Press ReleaseDecember 6, 2021

Doctors Call-Out Dangerous Drug Pricing Provisions in ‘Build Back Better’ Package

Washington, D.C. (December 6, 2021)—As the U.S. Senate considers the ‘Build Back Better’ budget reconciliation package that was passed by the House of Representatives in November, medical professionals are calling-out dangerous drug pricing provisions that are included in the legislation. Although initial elements of the package have been watered down, existing measures to apply price controls to some medicine threaten future healthcare innovation.

According to a new study from the University of Chicago, the drug pricing components included in the ‘Build Back Better’ bill will lead to 135 fewer new drugs over the next 17 years. That translates to a loss of 331.5 million life years in the U.S.—more than 30-times the impact of COVID-19 to date.

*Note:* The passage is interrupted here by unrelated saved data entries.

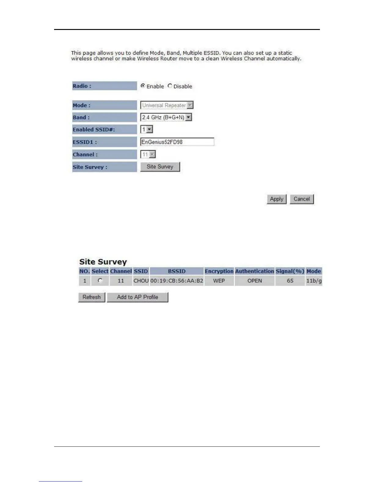 Site Survey page displays information about devices within the 802.11b/g/n frequency.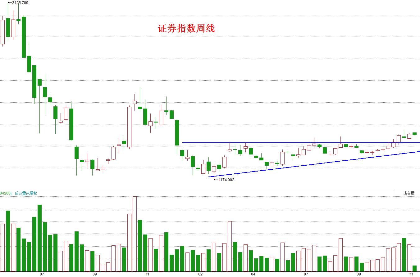再来看下面这张证券指数周线图: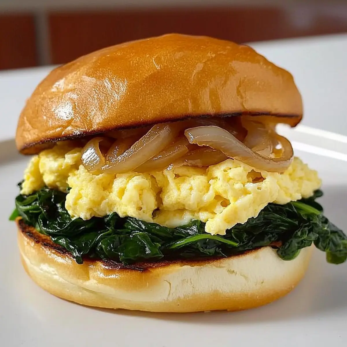 Certainly! If you want to make batches ahead of time, freeze the cooked onion and spinach mixture along with the scrambled eggs in airtight containers. They can be stored in the freezer for up to 1 month. When you’re ready to eat, simply thaw everything in the fridge overnight, then warm it gently in a skillet or microwave before assembling the sandwich.

Key components include empowering the federal government to buy some medicine at a fraction of the market price by threatening drug companies with an excise tax if they don’t comply, as well as pegging “allowable” price increases of other pharmaceuticals to inflation.

Physician members of the Job Creators Network (JCN) are sounding the alarm bell about the proposal.

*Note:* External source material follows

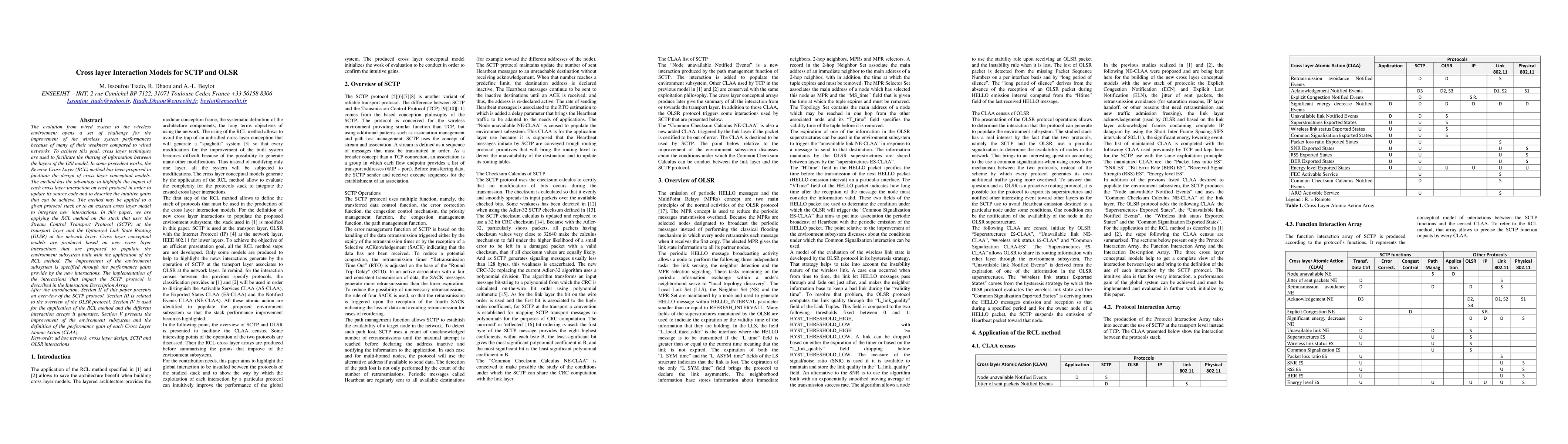 This paper uses a method called Reverse Cross Layer (RCL) to improve the performance of wireless networks by integrating SCTP and OLSR protocols. It proposes new cross-layer interactions that lead to better system performance.

Today, Dr. Katarina Lindley, a Yugoslavian immigrant who experienced the consequences of government intervention in healthcare firsthand, penned an op-ed in RealClear Health to warn of the pitfalls. Dr. Lindley noted:

“More government is rarely the answer to economic challenges. The price of healthcare is no exception. Congress and the Biden administration should reconsider applying price controls on prescription drugs. It will create more problems than it solves…What happens when drug manufacturers are unable to profit, or even break even, on newly developed products? The free market incentive to innovate and create is weakened and patients would ultimately pay the price. Fewer new therapies, treatments, and vaccines would become available to consumers as the rate of healthcare innovation slows.”

Dr. Mary Tipton, an internal medicine and pediatric specialist in Utah, commented:

“The rising cost of pharmaceuticals is a problem that warrants action. But the proposed strategy will have major unintended consequences…As moderate and progressive elements of the Democratic caucus in Congress continue to go head-to-head over the budget reconciliation package, price controls on prescription drugs should be a nonstarter. Instead, lawmakers should shift their sights to the intermediaries of the drug supply chain that jack-up costs for patients. Slowing the pipeline of health care innovation and reducing access to new prescription drugs is the last thing Americans need as we emerge from the pandemic.”

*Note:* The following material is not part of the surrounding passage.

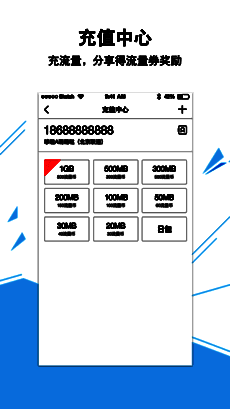 4、充值中心,流量充值一步到位;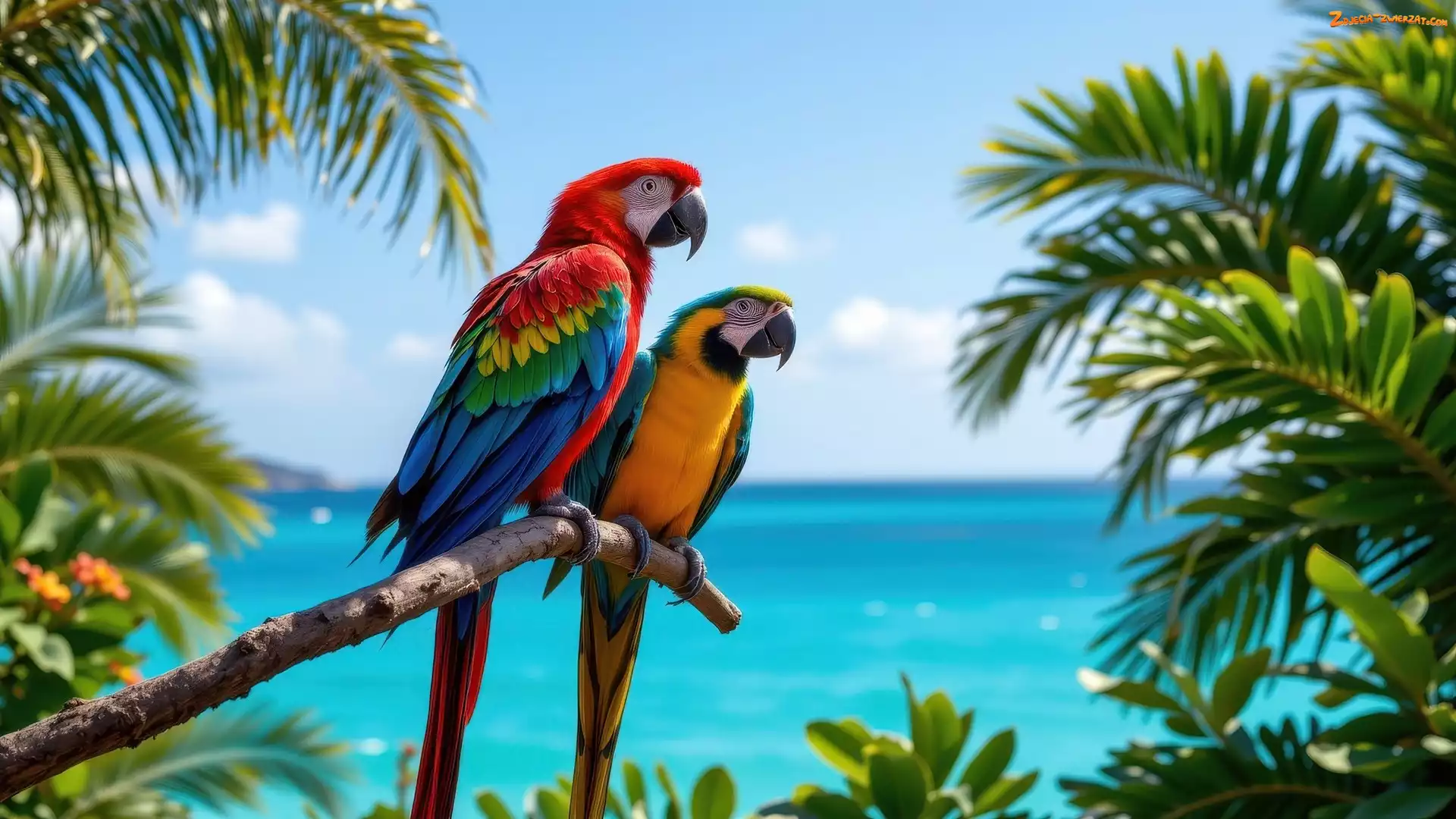 Morze, Ary, Dwie, Papugi, Konar, Rośliny

Dr. Robert Campbell, a practicing physician in Pennsylvania and past president of the Pennsylvania Society of Anesthesiologists, said:

“Prescription drug costs in the U.S. have skyrocketed in recent years…But lawmakers should be careful to avoid a knee-jerk reaction that will have major negative repercussions down the road…In the short run, the cost control scheme would benefit American patients in the form of lower drug prices. But those advantages would quickly be negated in the long run as shrinking research and development budgets—a result of falling revenue for drug companies—translate to less innovation and fewer medicines brought to market.”